TIFF 2017 Review: There’s Sour At The Heart Of SWEET COUNTRY
At their best, Westerns form one of the most direct ways that cinema has in dealing with big ideas. Matters of life and death play out on a landscape that dwarfs and humbles the human participants, notions of fairness, equality or pride elevated by the harsh environment and beating sun. Beyond the superficial trappings of the horses, guns and gritted teeth there’s a poetic opera at play, where emotions are heightened and the stakes as high as possible.
Onto this canvas formed by genre tropes and narrative expectations comes Warwick Thornton’s remarkable Sweet Country to mix things up a bit. Set in the wilds of the Northern Territory, the film’s local is as hardscrabble and austere as any Leone pic. We meet a kindly religious man named Fred Smith (Sam Neill) who treats his Aboriginal workers with dignity, yet still doesn’t bat an eye encouraging them to help out an obviously unsuitable neighbour named Harry March (Ewen Leslie) who is looking for “blackstock” to help him on his property. When things go awry, Sergeant Fletcher (Bryan Brown) goes on the hunt, looking for justice.
The core of the film rests upon the complex and sympathetic performances by the Aboriginal cast, starting with Hamilton Morris’ remarkable turn as Sam Kelly. It’s through Kelly’s eyes that we see much of the film’s true grit, and his anguish and quiet dignity are the film’s highlight. With a thankless role as Archie, Gibson John has probably the hardest task to pull off, but he plays the ambivalence beautifully, vacillating between sycophantic helper to his master to a far deeper character who himself has a backstory as tragic as any.
It’s this complexity that sets the film apart – March isn’t simply some bumbling racist but a man wrecked by alcohol and demons from the Great war – providing context but never excuses for the abhorrent behaviour. Similarly, the way that young Philomac (played by twins Trevon and Tremayne Doolan) undergoes his transition in the film speaks to the myriad shades at play, with the cause of self-preservation taking the place of any grand moral stand.

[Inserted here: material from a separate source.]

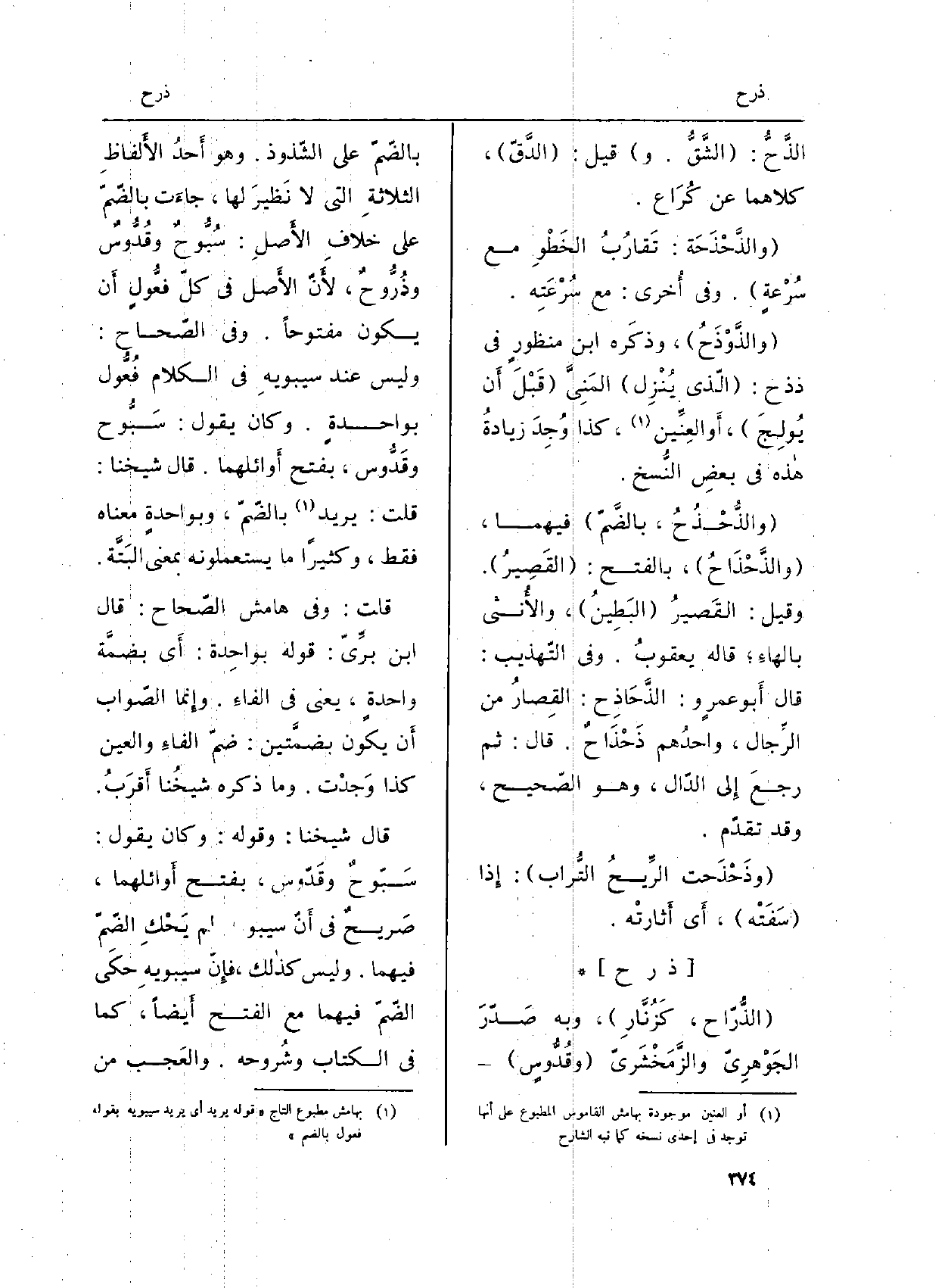 : (الذُّرّاح، كَزُنَّارِ) ، وَبِه صَدّرَ الجَوْهرِيّ والزَّمَخْشَريّ (وقُدُّوسٍ) بالضّمّ على الشّذوذ. وَهُوَ أَحدُ الأَلفاظِ الثلاثةِ الَّتِي لَا نَظيرَ لَهَا، جاءَت بالضّمّ على خلافِ الأَصلِ: سُبُّوحٌ وقُدُّوسٌ وذُرُّوحٌ، لأَنّ الأَصل فِي كلّ فعُّولٍ أَن يكون مَفْتُوحًا. وَفِي (الصّحاح) : وَلَيْسَ عِنْد سيبويهِ فِي الْكَلَام فُعُّول بواحدةٍ. وَكَانَ يَقُول: سَبُّوح وقَدُّوس، بِفَتْح أَوائلهما. قَالَ شَيخنَا: قلت: يُرِيد بالضّمّ، وبواحدةٍ مَعْنَاهُ فَقَط، وَكَثِيرًا مَا يستعملونه بِمَعْنى البَتَّة.

With a complex yet coherent editing style, Thornton’s film beautifully emphasises certain key events before they happen, allowing the narrative to be underlined without resorting to pure linearity. This bouncing back and forth in time could in lesser hands prove annoying or obnoxious, but here it works splendidly. Similarly, the eschewing of musical score and deliberate pace of the performance makes the work feel even more rooted in its locale, the sounds of the surroundings providing its own soundtrack.
Sweet Country has the trappings of a slave drama mixed in with the conventions of a Western, making for a remarkable and effective genre mashup. It’s a sophisticated tale of justice, and how institutions can rely upon grand precepts but the nature of man is to do what their baser instincts drive them to do. There are no easy answers in this film, and it leaves one more questioning than when one begins. This is not merely the inversion of the Western myth, though it is that, it is equally a provocative, politically sophisticated look at a history of Australia that has been proverbially whitewashed from general discourse.
Thornton asks his audience to confront ugly truths, where justice can be undermined by systemic evils that lay beneath. The message is bleak yet not entirely hopeless, a tragedy that earns its tears. There’s sour in Sweet Country that we see play out, and thanks to some gifted performances and taut, exceptional filmmaking, we’re treated to a film that’s as complex and engaging as the topics it tackles.